_Exercise description_:
From the entries below, return only the lines starting at the one that contains "Students at Orange" and ending at the one that contains "Photo 8: A crane", exactly as they stand.

_Data listing_:

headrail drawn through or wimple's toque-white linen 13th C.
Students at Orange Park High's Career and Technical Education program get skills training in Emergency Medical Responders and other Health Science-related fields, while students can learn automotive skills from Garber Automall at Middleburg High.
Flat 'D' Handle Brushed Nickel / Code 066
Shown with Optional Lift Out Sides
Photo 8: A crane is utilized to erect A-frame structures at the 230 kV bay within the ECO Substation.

--

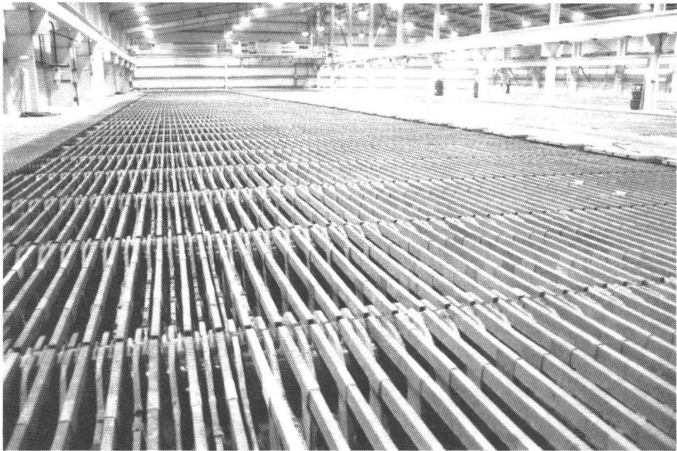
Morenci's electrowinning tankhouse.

_Exercise output_:
Students at Orange Park High's Career and Technical Education program get skills training in Emergency Medical Responders and other Health Science-related fields, while students can learn automotive skills from Garber Automall at Middleburg High.
Flat 'D' Handle Brushed Nickel / Code 066
Shown with Optional Lift Out Sides
Photo 8: A crane is utilized to erect A-frame structures at the 230 kV bay within the ECO Substation.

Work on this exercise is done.